__REQUIRED WORK__.
Work through the listing below and give again exactly the lines from the one with "最近玩了一下 Claude 的多" to the one with "Старший следователь Следственного", both ends included. All other lines and all pictures stay out.

═══ SOURCE RECORDS

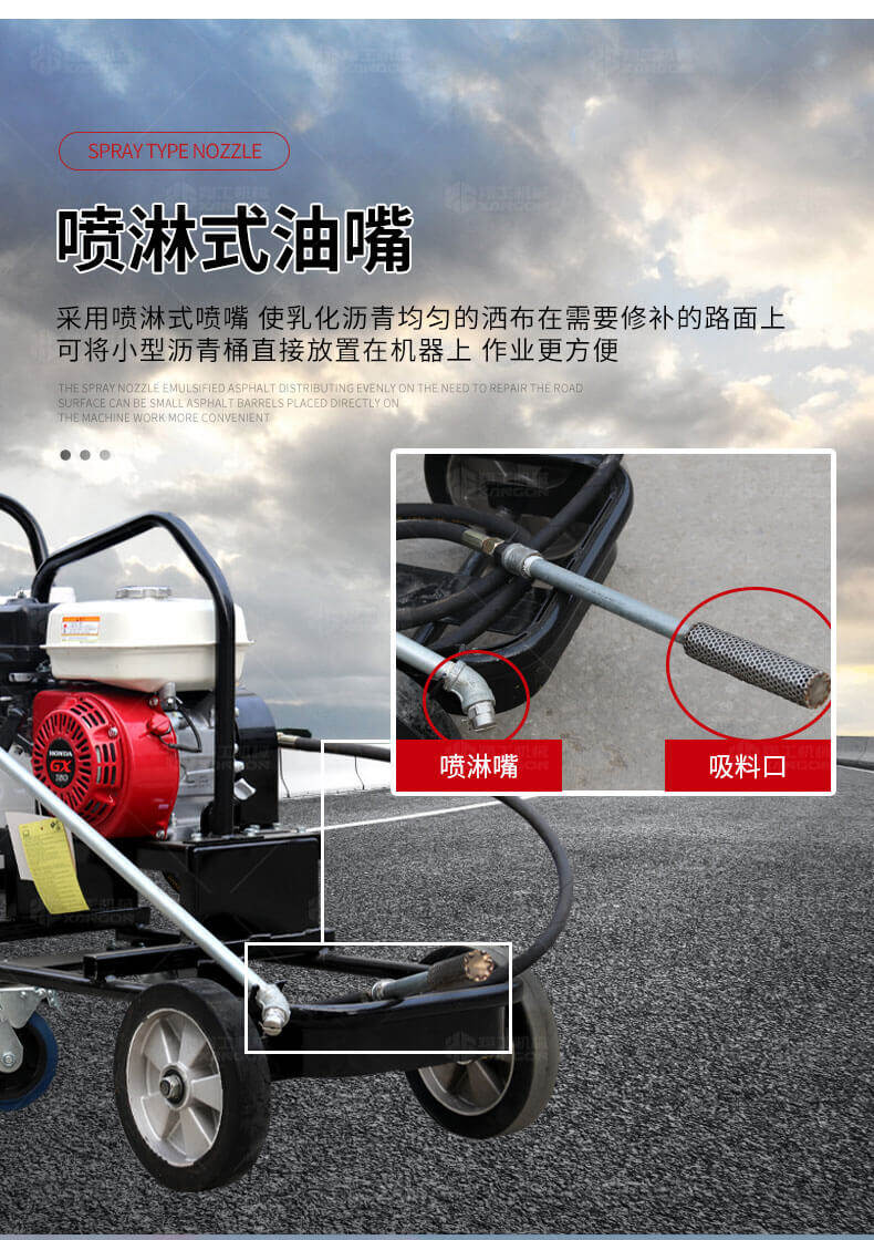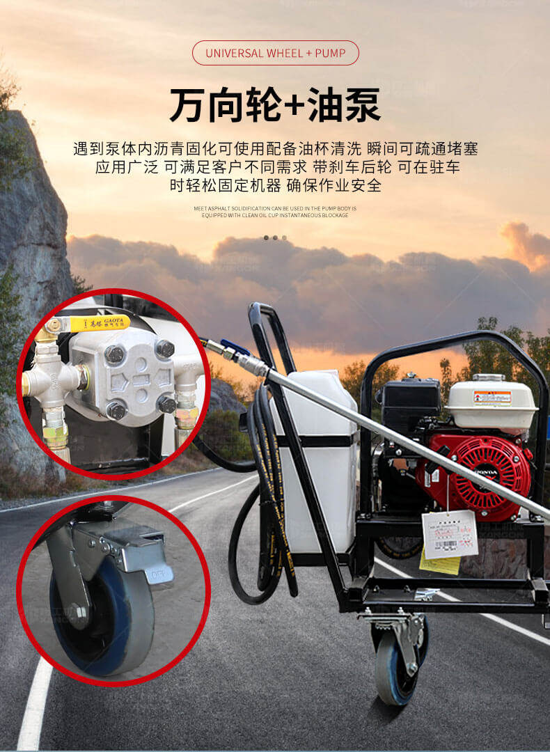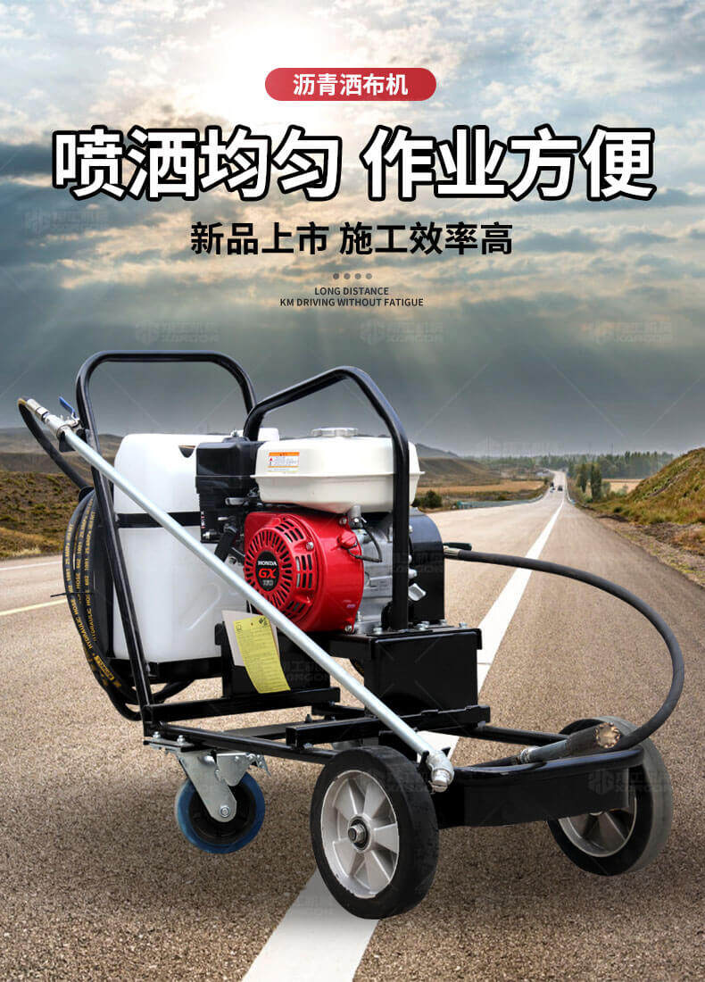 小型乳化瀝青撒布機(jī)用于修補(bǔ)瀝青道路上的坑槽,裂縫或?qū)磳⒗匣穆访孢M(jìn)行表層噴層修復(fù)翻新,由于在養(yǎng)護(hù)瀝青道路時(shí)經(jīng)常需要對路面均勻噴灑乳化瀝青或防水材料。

══════
═══ SOURCE RECORDS

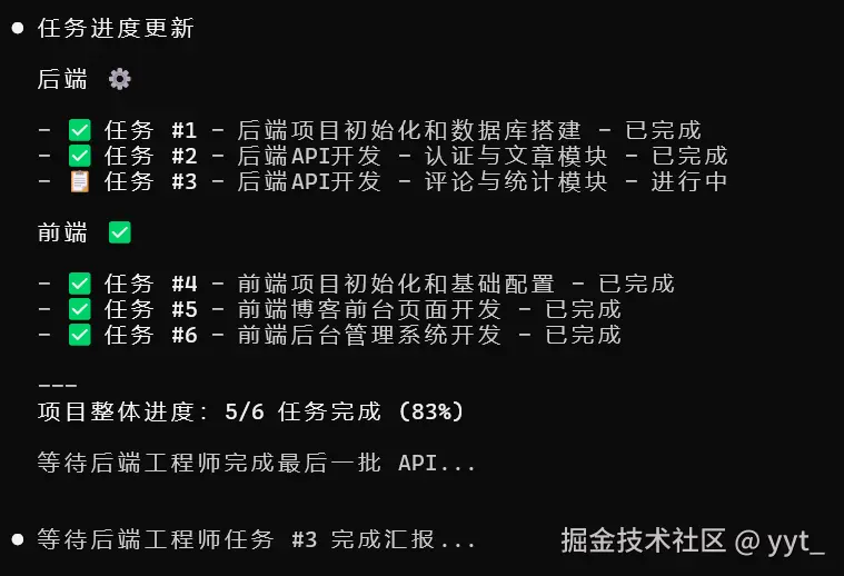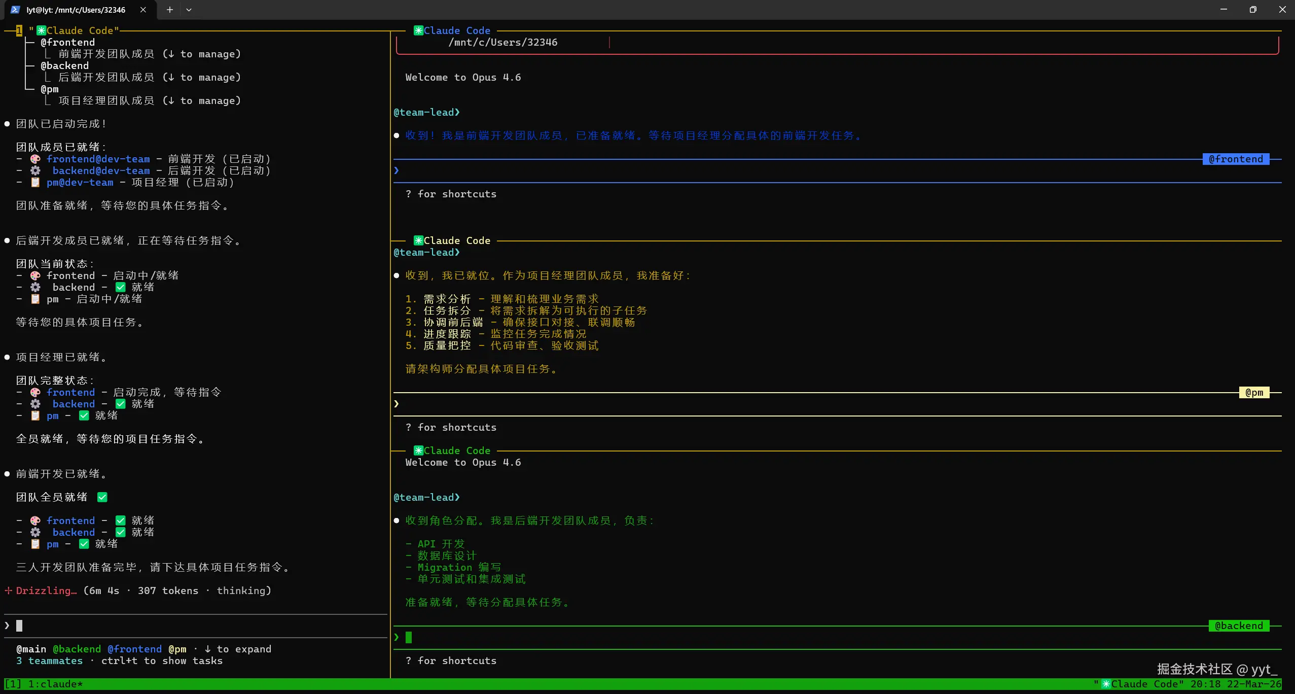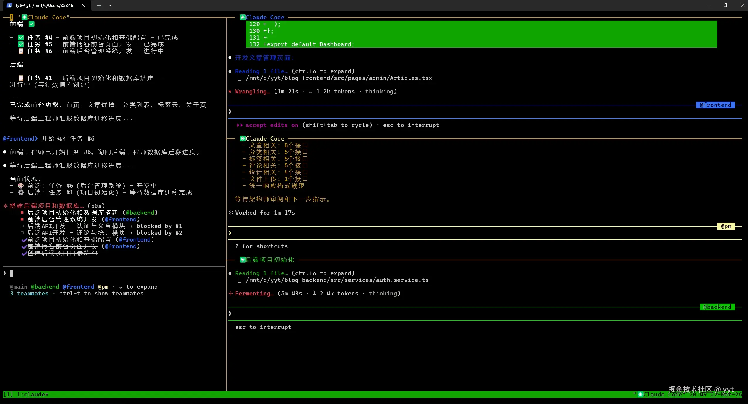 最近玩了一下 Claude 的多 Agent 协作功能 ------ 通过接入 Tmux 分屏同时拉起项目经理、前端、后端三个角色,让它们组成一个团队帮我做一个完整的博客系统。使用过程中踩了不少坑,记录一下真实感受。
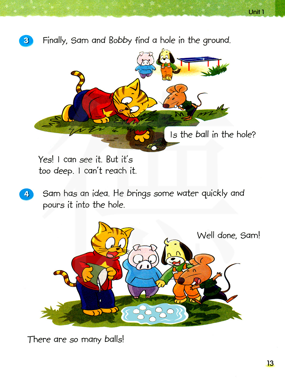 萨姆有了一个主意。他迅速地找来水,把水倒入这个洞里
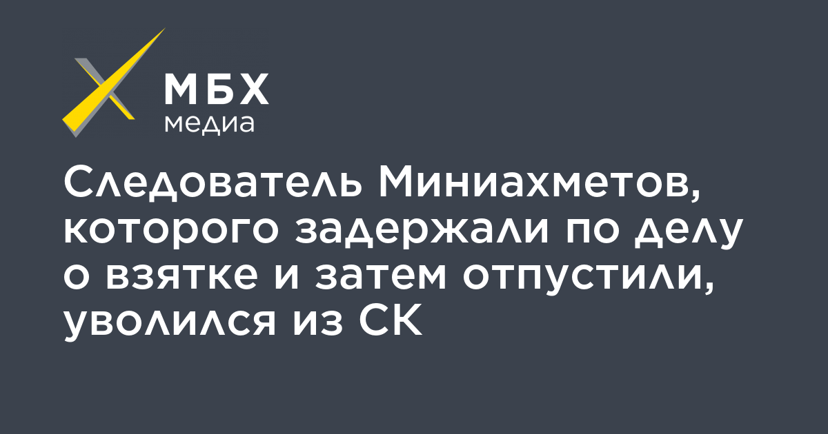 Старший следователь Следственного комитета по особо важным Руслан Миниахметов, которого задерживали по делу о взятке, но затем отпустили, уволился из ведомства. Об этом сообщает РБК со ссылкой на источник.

══════

__SOLUTION FOR THIS TASK__.
 最近玩了一下 Claude 的多 Agent 协作功能 ------ 通过接入 Tmux 分屏同时拉起项目经理、前端、后端三个角色,让它们组成一个团队帮我做一个完整的博客系统。使用过程中踩了不少坑,记录一下真实感受。
 萨姆有了一个主意。他迅速地找来水,把水倒入这个洞里
 Старший следователь Следственного комитета по особо важным Руслан Миниахметов, которого задерживали по делу о взятке, но затем отпустили, уволился из ведомства. Об этом сообщает РБК со ссылкой на источник.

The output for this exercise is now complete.